> Task statement:
Each entry must come back word for word; drop the images as you go.

> Available data:
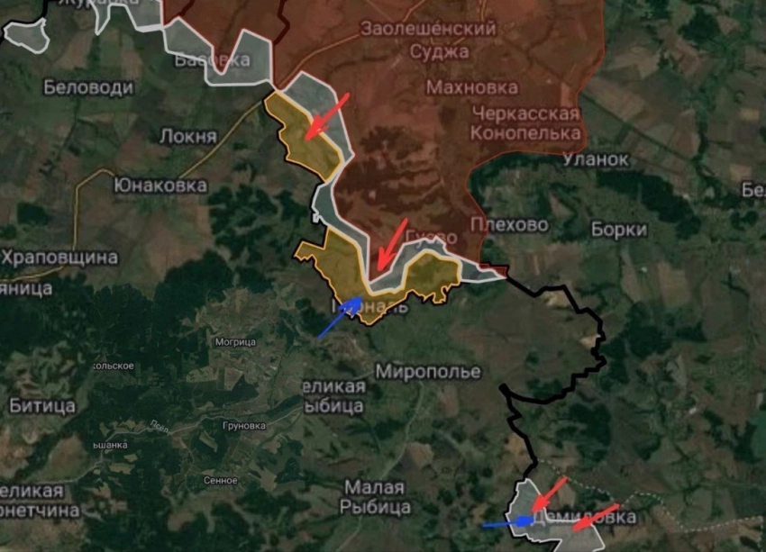 Кроме того, были поражены личный состав и военная техника ВСУ в Сумской области, удары наносились по населенным пунктам Беловоды, Вакаловщина, Великая Рыбица, Великий Прикол, Запселье, Малая Рыбица, Марьино, Садки, Юнаковка и Яблоновка. Отмечалось, что российские военные для поражения неприятеля применяли артиллерию, беспилотники и боевую авиацию.
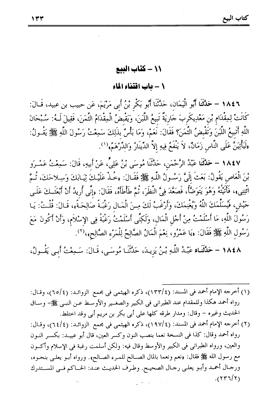 1846 - حَدَّثَنَا أَبُو الْيَمَانِ، حَدَّثَنَا أَبُو بَكْرِ بْنُ أَبِى مَرْيَمَ، عَن حبيب بن عبيد، قَالَ: كَانَتْ لِمِقْدَامِ بْنِ مَعْدِيكَرِبَ جَارِيَةٌ تَبِيعُ اللَّبَنَ، وَيَقْبِضُ الْمِقْدَامُ الثَّمَنَ، فَقِيلَ لَهُ: سُبْحَانَ اللَّهِ أَتَبِيعُ اللَّبَنَ وَتَقْبِضُ الثَّمَنَ؟ فَقَالَ: نَعَمْ، وَمَا بَأْسٌ بِذَلِكَ سَمِعْتُ رَسُولَ اللَّهِ صلى الله عليه وسلم يَقُولُ: "لَيَأْتِيَنَّ عَلَى النَّاسِ زَمَانٌ، لاَ يَنْفَعُ فِيهِ إِلاَّ الدِّينَارُ وَالدِّرْهَمُ.
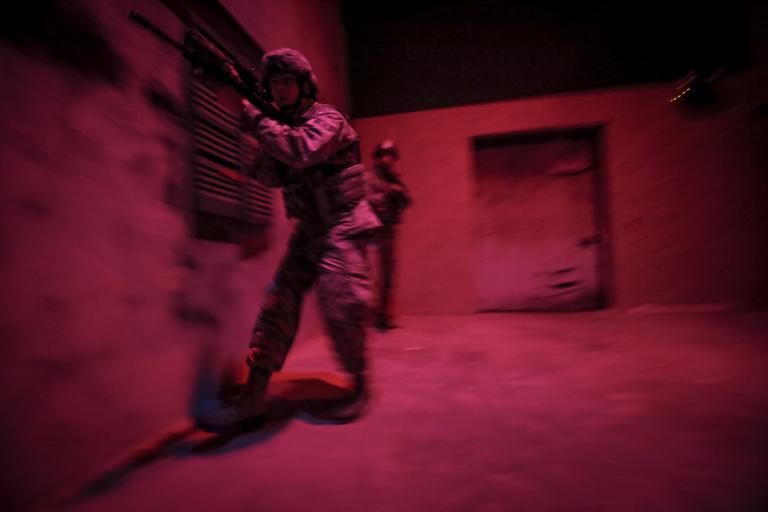Keywords: usaf u.s. air force usairforce air national guard airnationalguard new jersey newjersey 177th security forces squadron 177thsecurityforcessquadron m4 training joint base mcguire-dix-lakehurst jointbasemcguiredixlakehurst jt2dc n.j. nj usa public domain publicdomain free U.S. Air Force Airmen from the New Jersey Air National Guard's 177th Security Forces Squadron maneuver through an indoor Military Operations in Urban Terrain (MOUT) site during training at the New Jersey National Guard's Joint Training & Training Development Center (JT2DC), Joint Base McGuire-Dix-Lakehurst, N.J., June 16, 2016. The 177th Security Forces Squadron was utilizing the ability for the JT2DC's training areas to simulate low-light conditions in an urban environment. The red and blue lighting simulates a moonlit night as seen through night vision devices. (U.S. Air National Guard photo by Tech. Sgt. Matt Hecht/Released) U.S. Air Force Airmen from the New Jersey Air National Guard's 177th Security Forces Squadron maneuver through an indoor Military Operations in Urban Terrain (MOUT) site during training at the New Jersey National Guard's Joint Training & Training Development Center (JT2DC), Joint Base McGuire-Dix-Lakehurst, N.J., June 16, 2016. The 177th Security Forces Squadron was utilizing the ability for the JT2DC's training areas to simulate low-light conditions in an urban environment. The red and blue lighting simulates a moonlit night as seen through night vision devices. (U.S. Air National Guard photo by Tech. Sgt. Matt Hecht/Released) |
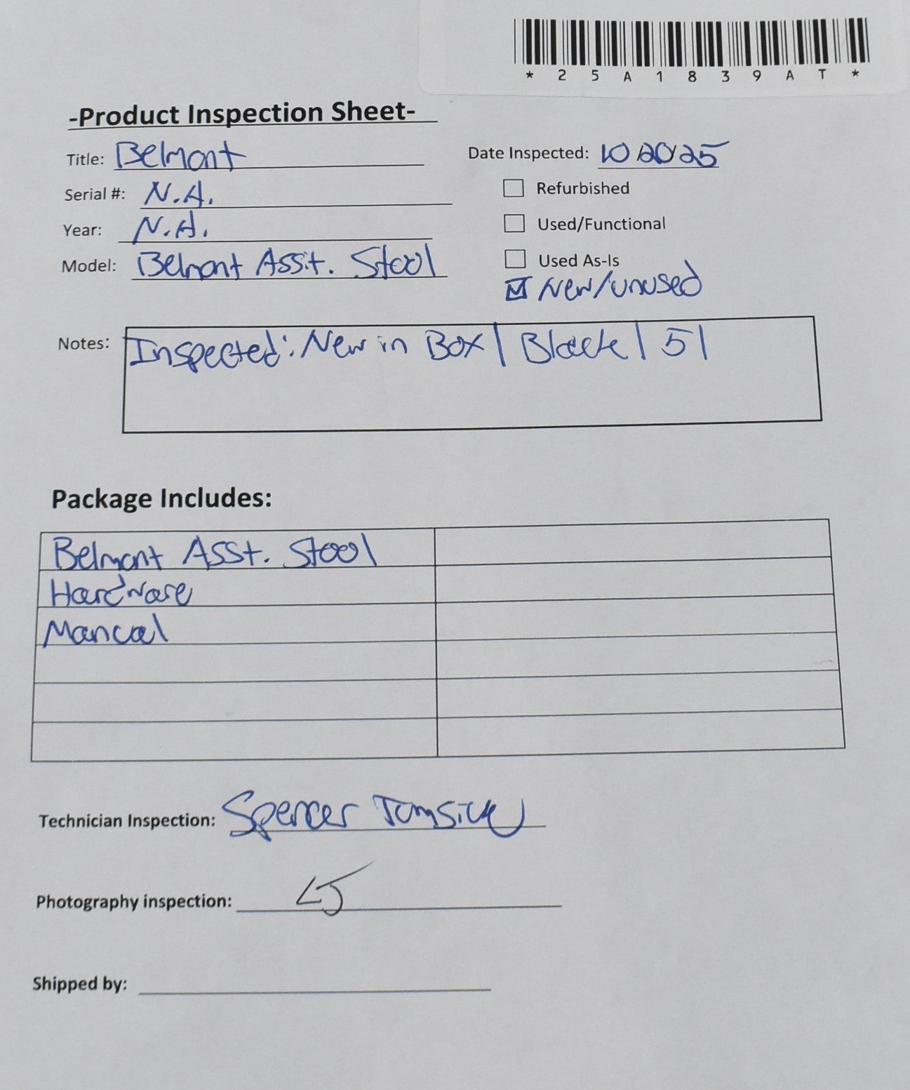 - Model: Belmont Asst. Stool
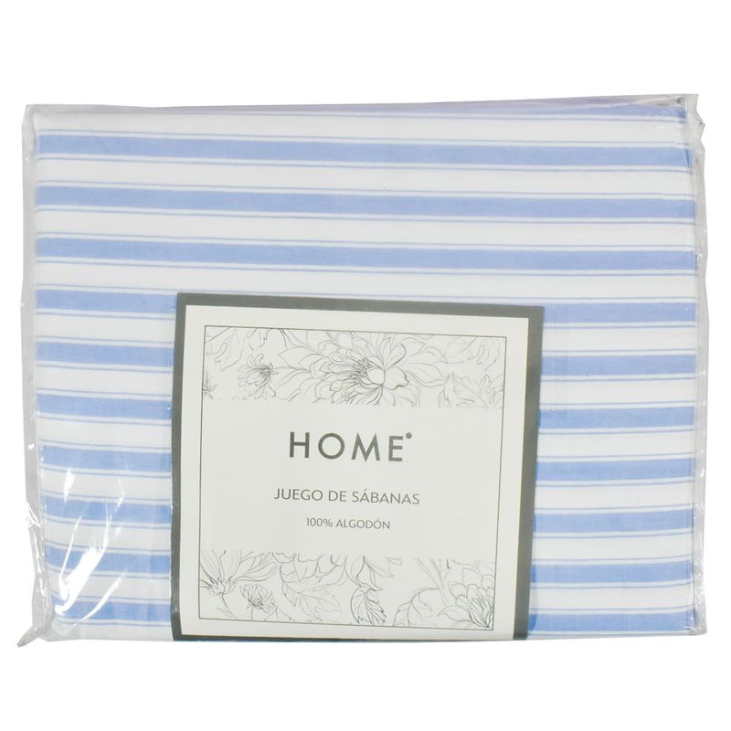 Juego sábanas HOME king 180 h rayado azul 100% algodón
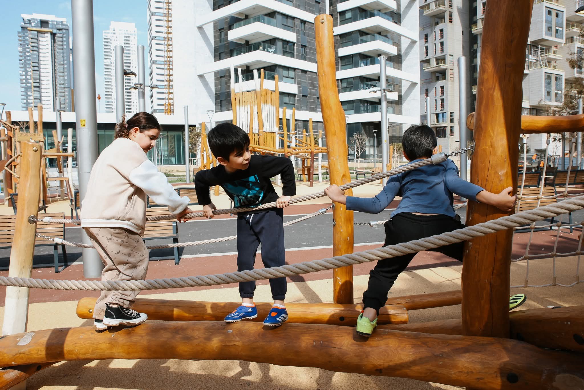 בין אזעקה לאזעקה, הצוותים הנפלאים שלנו הרימו לכם גן שעשועים גדול ויפה בפארק הים, עם מתקני עץ חדשניים ופינות ישיבה נהדרות.
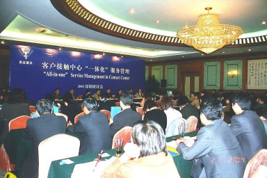 2003年2月21日,五洲賓館長江廳高朋滿座,由香港資深Call Center服務(wù)商易寶通訊服務(wù)有限公司主辦的電信行業(yè)客戶接觸中心"一體化"服務(wù)管理研討會(huì)在這里隆重舉行。全國各地的電信、移動(dòng)、聯(lián)通、網(wǎng)通等運(yùn)營商及易寶的合作伙伴共四十多家單位的Call
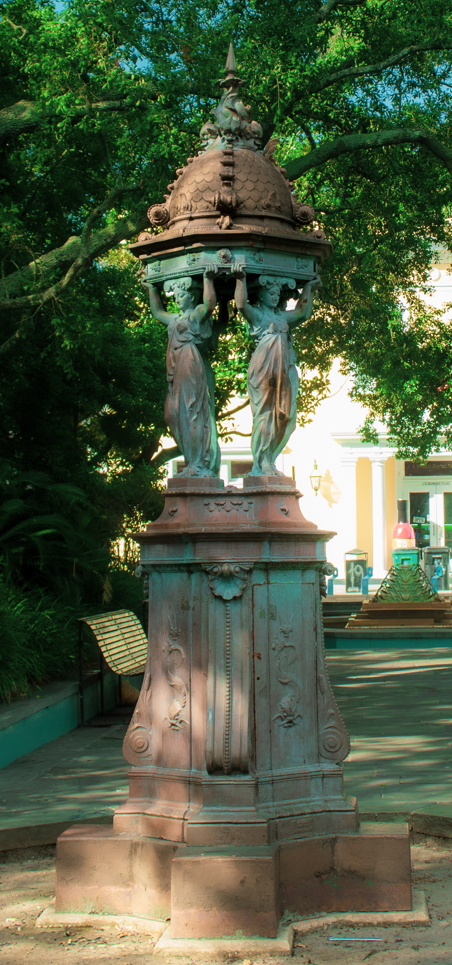 The fountain in the painting is of this statue in New Orleans located in Latrobe Park. I just recently captured this photo, but it reminded me of the time one of my sisters eloped to New Orleans and got married in Jackson Square. It was just around Christmas too, so the lights were were at their most beautiful. We sorta went with her, and just had a small dinner and second line, but it was one of my first experiences in the Crescent City.
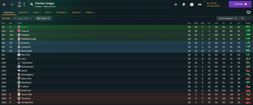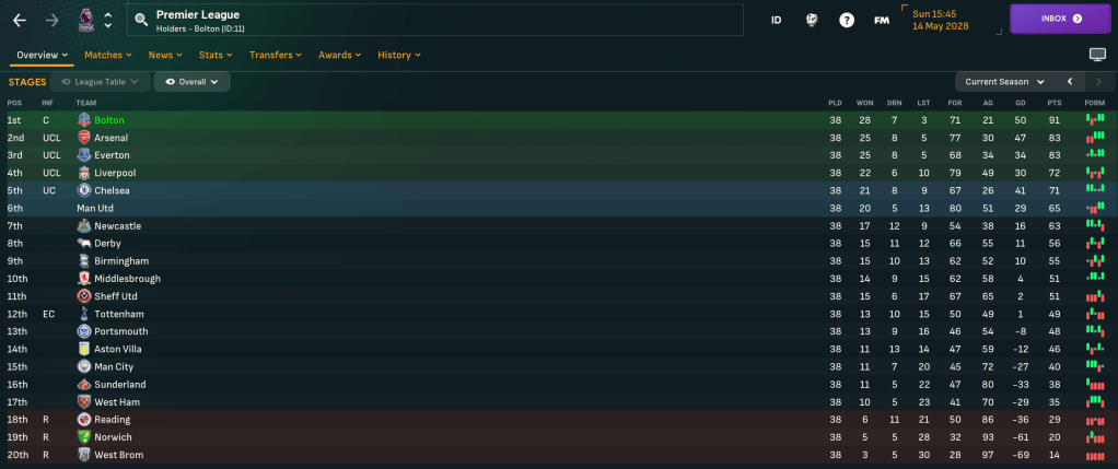 Midfielder Max Noble got the Wanderers back on track with just their second win against Chelsea in 11 meetings. And that proved the catalyst to send Bolton on their way, defending their title with ease by 8 points from Arsenal. They got 91 points, 9 fewer than last season, and only scored 71, which was boosted by scoring 11 in the final two games when Mahtal trialled a more offensive approach, and conceded 21. Chelsea, ridiculously, finished 5th after signing Messi and Nolan, who only played one league game, and loaning out Vaz Té.
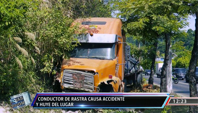 Según el reporte de las autoridades, el conductor de la rastra huyó del lugar. El accidente ocurrió en el km 7 de la autopista a Comalapa.

> Answer for this exercise:
 Кроме того, были поражены личный состав и военная техника ВСУ в Сумской области, удары наносились по населенным пунктам Беловоды, Вакаловщина, Великая Рыбица, Великий Прикол, Запселье, Малая Рыбица, Марьино, Садки, Юнаковка и Яблоновка. Отмечалось, что российские военные для поражения неприятеля применяли артиллерию, беспилотники и боевую авиацию.
 1846 - حَدَّثَنَا أَبُو الْيَمَانِ، حَدَّثَنَا أَبُو بَكْرِ بْنُ أَبِى مَرْيَمَ، عَن حبيب بن عبيد، قَالَ: كَانَتْ لِمِقْدَامِ بْنِ مَعْدِيكَرِبَ جَارِيَةٌ تَبِيعُ اللَّبَنَ، وَيَقْبِضُ الْمِقْدَامُ الثَّمَنَ، فَقِيلَ لَهُ: سُبْحَانَ اللَّهِ أَتَبِيعُ اللَّبَنَ وَتَقْبِضُ الثَّمَنَ؟ فَقَالَ: نَعَمْ، وَمَا بَأْسٌ بِذَلِكَ سَمِعْتُ رَسُولَ اللَّهِ صلى الله عليه وسلم يَقُولُ: "لَيَأْتِيَنَّ عَلَى النَّاسِ زَمَانٌ، لاَ يَنْفَعُ فِيهِ إِلاَّ الدِّينَارُ وَالدِّرْهَمُ.
Keywords: usaf u.s. air force usairforce air national guard airnationalguard new jersey newjersey 177th security forces squadron 177thsecurityforcessquadron m4 training joint base mcguire-dix-lakehurst jointbasemcguiredixlakehurst jt2dc n.j. nj usa public domain publicdomain free U.S. Air Force Airmen from the New Jersey Air National Guard's 177th Security Forces Squadron maneuver through an indoor Military Operations in Urban Terrain (MOUT) site during training at the New Jersey National Guard's Joint Training & Training Development Center (JT2DC), Joint Base McGuire-Dix-Lakehurst, N.J., June 16, 2016. The 177th Security Forces Squadron was utilizing the ability for the JT2DC's training areas to simulate low-light conditions in an urban environment. The red and blue lighting simulates a moonlit night as seen through night vision devices. (U.S. Air National Guard photo by Tech. Sgt. Matt Hecht/Released) U.S. Air Force Airmen from the New Jersey Air National Guard's 177th Security Forces Squadron maneuver through an indoor Military Operations in Urban Terrain (MOUT) site during training at the New Jersey National Guard's Joint Training & Training Development Center (JT2DC), Joint Base McGuire-Dix-Lakehurst, N.J., June 16, 2016. The 177th Security Forces Squadron was utilizing the ability for the JT2DC's training areas to simulate low-light conditions in an urban environment. The red and blue lighting simulates a moonlit night as seen through night vision devices. (U.S. Air National Guard photo by Tech. Sgt. Matt Hecht/Released) |
 - Model: Belmont Asst. Stool
 Juego sábanas HOME king 180 h rayado azul 100% algodón
 בין אזעקה לאזעקה, הצוותים הנפלאים שלנו הרימו לכם גן שעשועים גדול ויפה בפארק הים, עם מתקני עץ חדשניים ופינות ישיבה נהדרות.
 2003年2月21日,五洲賓館長江廳高朋滿座,由香港資深Call Center服務(wù)商易寶通訊服務(wù)有限公司主辦的電信行業(yè)客戶接觸中心"一體化"服務(wù)管理研討會(huì)在這里隆重舉行。全國各地的電信、移動(dòng)、聯(lián)通、網(wǎng)通等運(yùn)營商及易寶的合作伙伴共四十多家單位的Call
 The fountain in the painting is of this statue in New Orleans located in Latrobe Park. I just recently captured this photo, but it reminded me of the time one of my sisters eloped to New Orleans and got married in Jackson Square. It was just around Christmas too, so the lights were were at their most beautiful. We sorta went with her, and just had a small dinner and second line, but it was one of my first experiences in the Crescent City.
 Midfielder Max Noble got the Wanderers back on track with just their second win against Chelsea in 11 meetings. And that proved the catalyst to send Bolton on their way, defending their title with ease by 8 points from Arsenal. They got 91 points, 9 fewer than last season, and only scored 71, which was boosted by scoring 11 in the final two games when Mahtal trialled a more offensive approach, and conceded 21. Chelsea, ridiculously, finished 5th after signing Messi and Nolan, who only played one league game, and loaning out Vaz Té.
 Según el reporte de las autoridades, el conductor de la rastra huyó del lugar. El accidente ocurrió en el km 7 de la autopista a Comalapa.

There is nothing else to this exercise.